More than 110,000 North Carolina residents sought unemployment benefits last week, compared with a typical average of 3,000, Gov. Roy Cooper said. The state has $3.8 billion in its unemployment trust fund, enough to get through three months, Cooper said March 17. People who lose their jobs or have hours reduced due to the coronavirus are eligible for benefits.
Governor Roy Cooper extended the closure of public schools until May 15 to prevent further spread of the coronavirus. In his executive order yesterday, Cooper required closures of gyms, hair and nail salons, barber shops, movie theaters, entertainment facilities, and banning mass gatherings of more than 50 people. The order will go into effect at 5 p.m. Wednesday.
Durham-based Horvath Associates filed a rezoning request to allow for up to 334 homes near Leesville Road in Durham, north of Brier Creek. The proposed project is situated on 107 acres and would include single-family and townhomes. The site is made up of 11 parcels owned by a collection of Durham individuals and families. Horvath Associates filed the application on behalf of property owners and is providing planning and engineering services. A developer wasn’t listed.
IT job openings held steady in February with more than 30,000 open positions across the state, according to a monthly report released by the NC Technology Association. The number of openings between January and February declined by 190 positions, according to NC TECH. The state’s IT openings have ranged from 27,000 positions to more than 33,000 over the past 13 months. February’s figures don’t include the impact of the coronavirus, and its impact is unclear, NC TECH CEO Brooks Raiford says.
The 93-acre Cherryville Business Park in Gaston County secured its first project, subject to public approval. An undisclosed company plans to purchase 55 acres of the site for $1.4 million and will invest $13.1 million to construct a “technical training” facility for the energy sector over multiple phases. County documents say the plan will create 23 full-time jobs with average wages of $82,333, more than double the Gaston County average.

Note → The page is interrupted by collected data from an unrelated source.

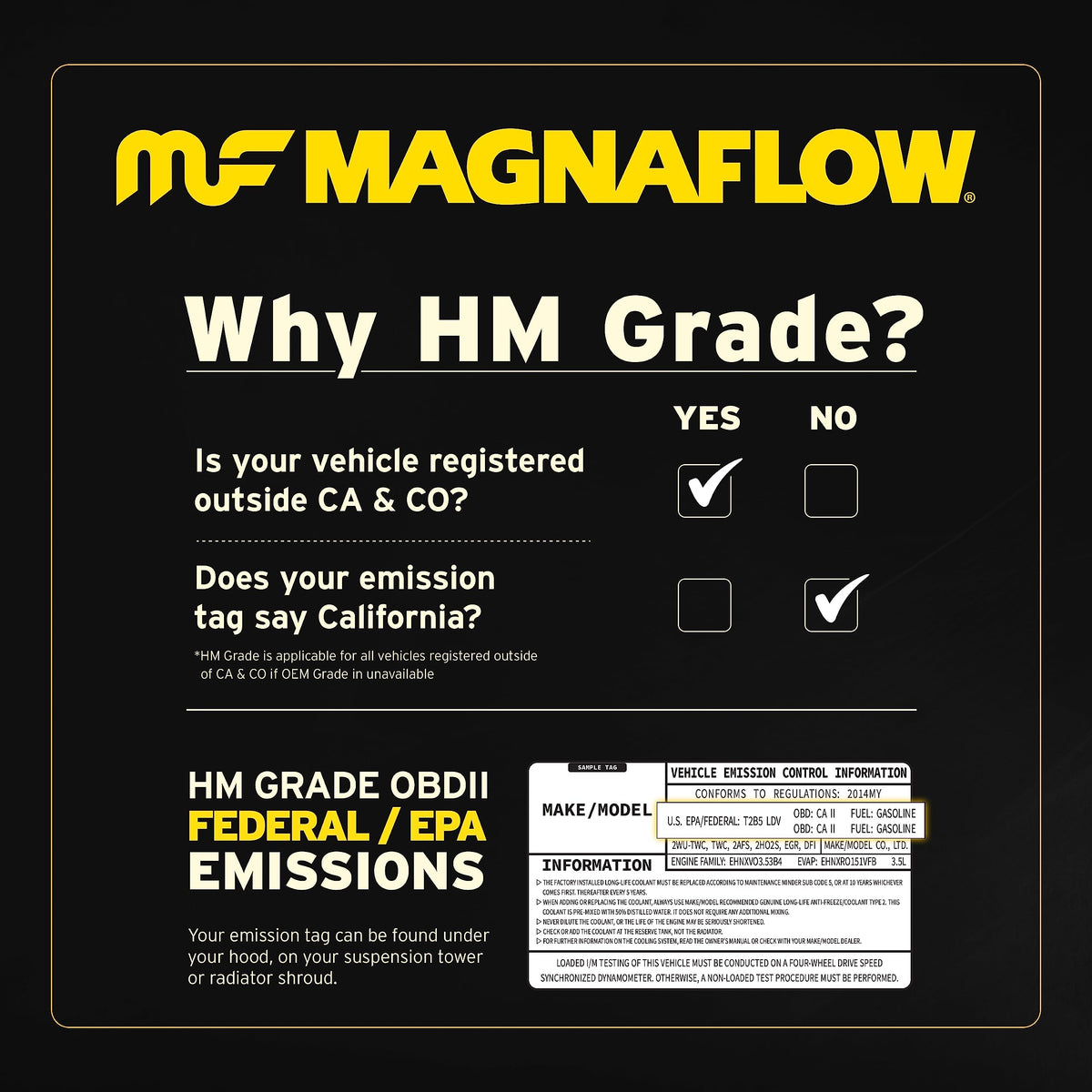 Q: Is the MagnaFlow 99355HMP Universal Catalytic Converter compliant with EPA regulations?A: Yes, the MagnaFlow 99355HMP Universal Catalytic Converter is designed to meet or exceed Federal EPA emissions requirements, making it compliant for federally registered vehicles. However, it is not legal for use in California or certain other states.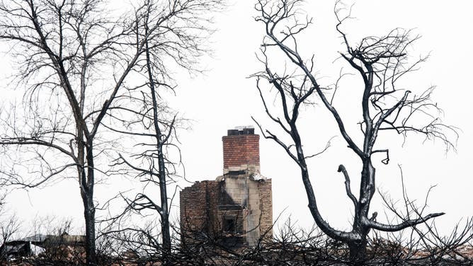 Image 56 of 93A lone chimney is all that remains of a home destroyed by the Marshall Fire in Boulder County, Colorado on December 31, 2021. - A fast-spreading wildfire that tore through several Colorado towns -- laying waste to entire neighborhoods "in the blink of an eye," according to the governor -- had largely burned itself out Friday, with heavy snow expected to douse any remaining embers. (Photo by Jason Connolly / AFP) (Photo by JASON CONNOLLY/AFP via Getty Images) ( )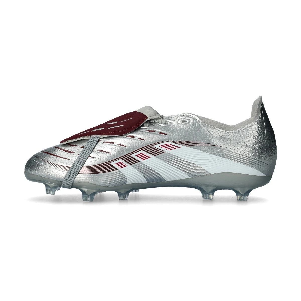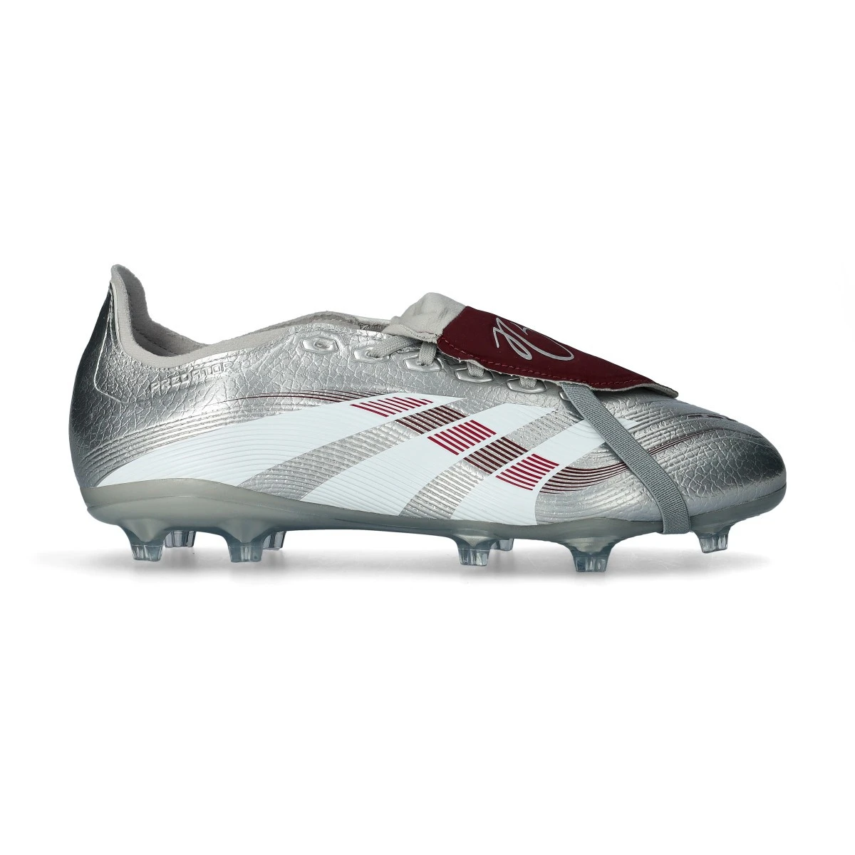 Chaussures de football adidas Predator League FT FG Jude Bellingham. Chaussures synthétiques avec languette pour utilisation sur terrains en gazon naturel. Chaussures de milieu de gamme en couleur Silver Met-Legacy Burgundy-Maroon.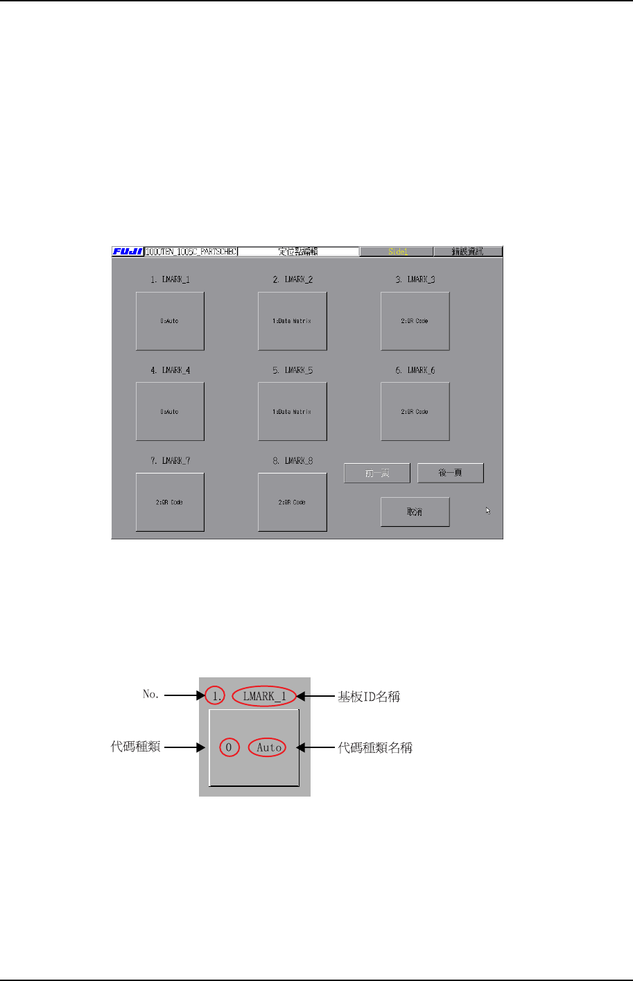 第 3 章 編輯器 第 3 部 XP-142E 系統手冊 3-3-20 Edition 1.0 · [ 取 消 ] 鍵 關 閉本 畫面。 · [ 前 頁 ] 鍵 /[ 次 頁 ] 鍵 切換頁 面。定位點數據可在 1 個畫面 裏 顯示時,不顯示 該 鍵畫面。 3.5.2 基板 ID 一 覽 表畫面 本 畫面顯示 現 在正在編輯的基板 ID 一 覽 表畫面。 XP2S2231T · 顯示編輯中的基板 ID 。 顯示基板 ID 名 、 代 碼…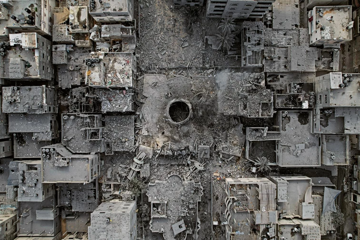 Restos de la ciudad de Gaza tras un bombardeo israelí, 9 octubre 2023. © Mohammed Talatene / Picture Alliance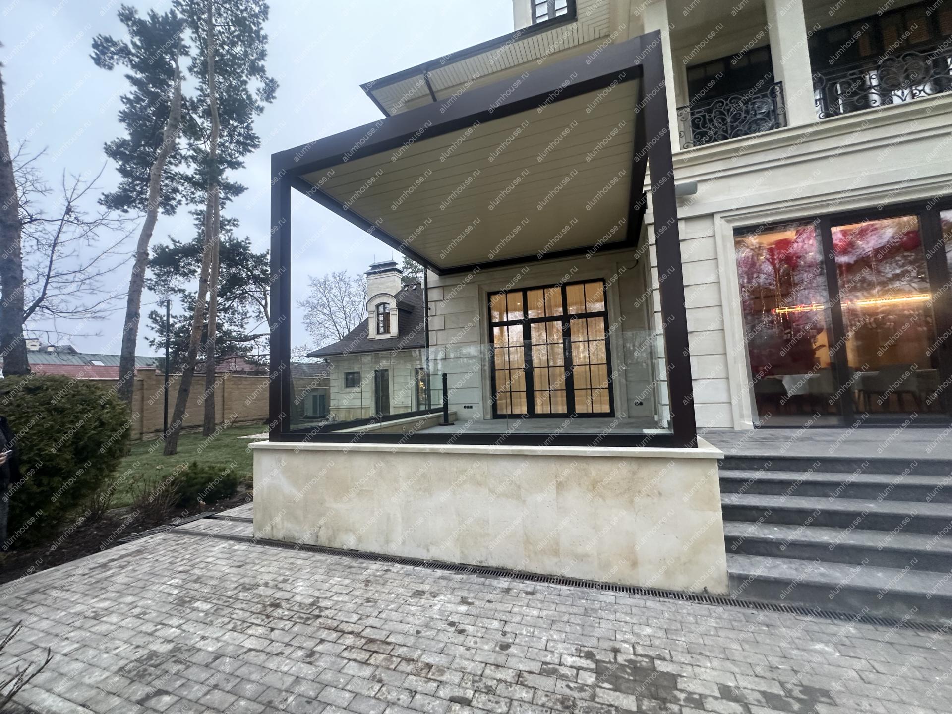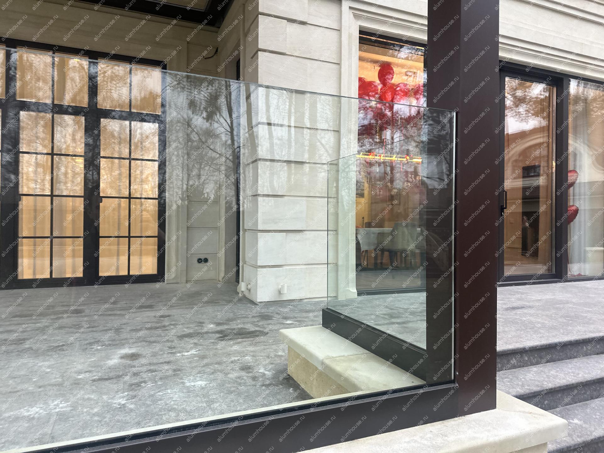 Стеклянное ограждение перголы в зажимном профиле создало безопасное, минималистичное пространство с чистой геометрией линий.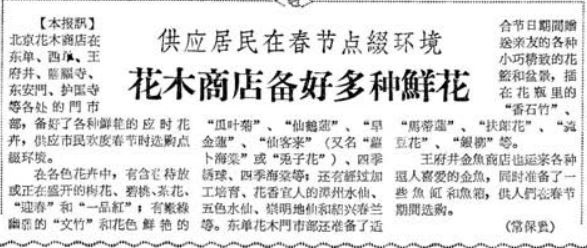 随着种植规模的扩大,北京在东单、西单、王府井、隆福寺等多地陆续开设了20多个鲜花商店,供应市场的花木从几十种增至上千种。那个时候,采购鲜花的主要是各大公共场所、外国使馆等。1959年春节前夕,黄土岗公社供应首都市场1.2万盆鲜花和可做花束、插瓶用的花签。其中,鲜花多是小盆栽植,适合室内摆放,价格也比往年便宜,如海棠从往年的每盆两角五分降至两角,引得不少市民前去购买。(1959年1月27日《北京晚报》4版,《黄土岗公社供应大量鲜花》)1961年春节前,漳州水仙、绍兴春兰等应季花卉进入北京,东单花木门市部还准备了适合赠送亲友的各种花篮和盆景,受到市民欢迎。(1961年2月8日《北京晚报》2版,《花木商店备好多种鲜花》)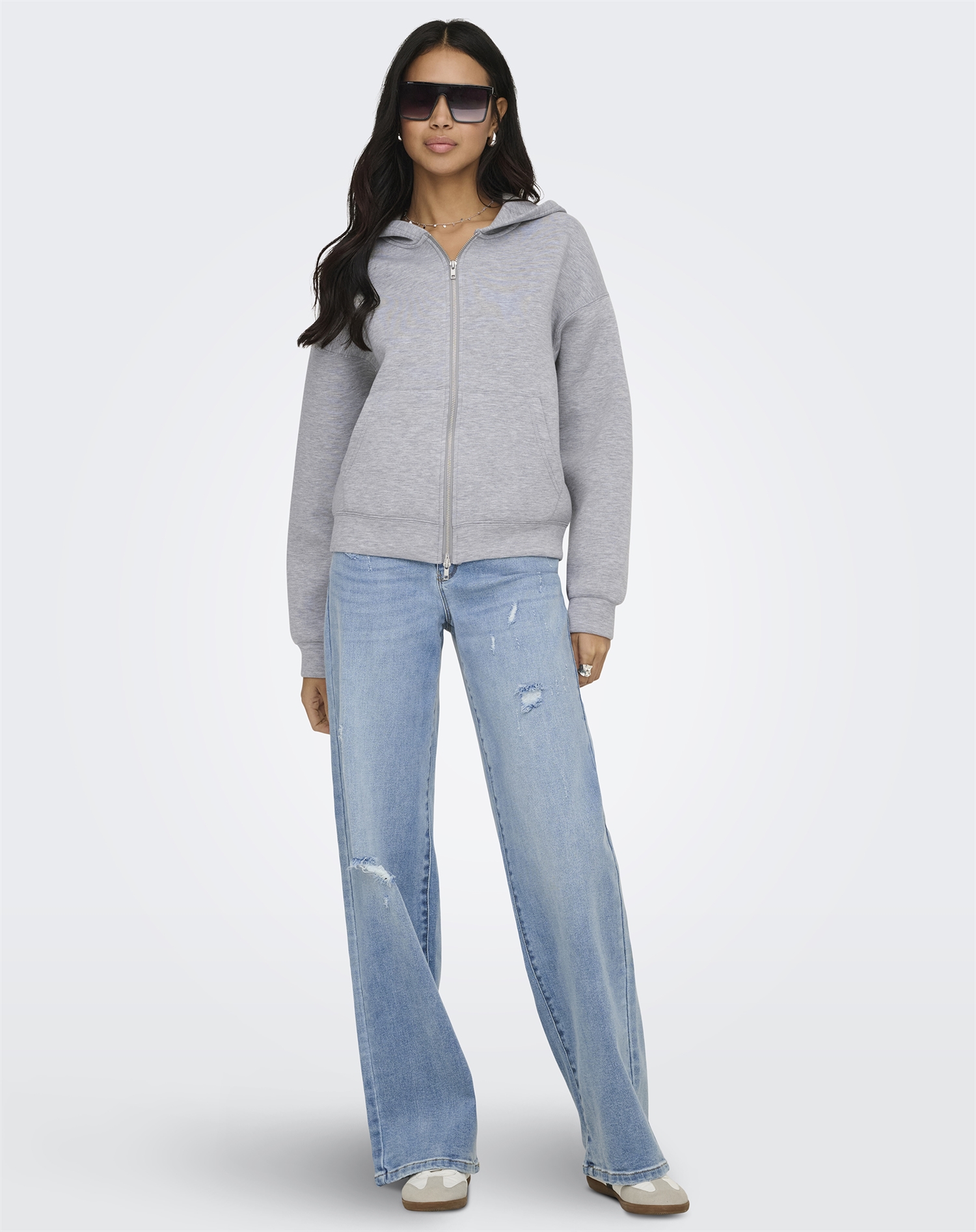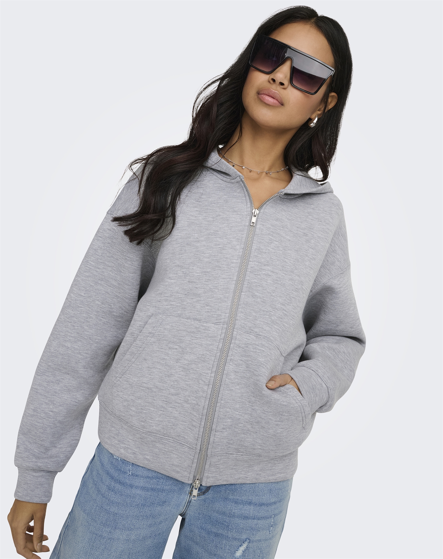 Only - ONLNaomi Two-Way Zip Hoodie - Light Grey Melange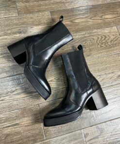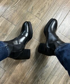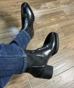 Bota elaborada 100% a mano corte piel color negro, forro de piel y suela sintética. El tacón tiene una altura de 8 centímetros.

More than 83,000 unemployment claims were filed in North Carolina between last Monday and early Saturday, a much higher rate than the typical 3,500 claims in recent months. Coronavirus was cited as the cause on 85% of claims, according to state officials. The job losses are coming from resorts, airlines and restaurants across the state that have been impacted by the coronavirus and state of emergency declarations.
Armada Hoffler Properties is delaying the development of its long-awaited Ten Tryon project in downtown Charlotte due to uncertainty over the coronavirus pandemic. The company has partnered with Charlotte developer David Furman on a 15-story office building to house a Fortune 100 company and a Publix grocery store but will have to wait “until economic conditions normalize.” Armada Hoffler purchased the site for $10.5 million in January, and Publix signed a lease for the project in December.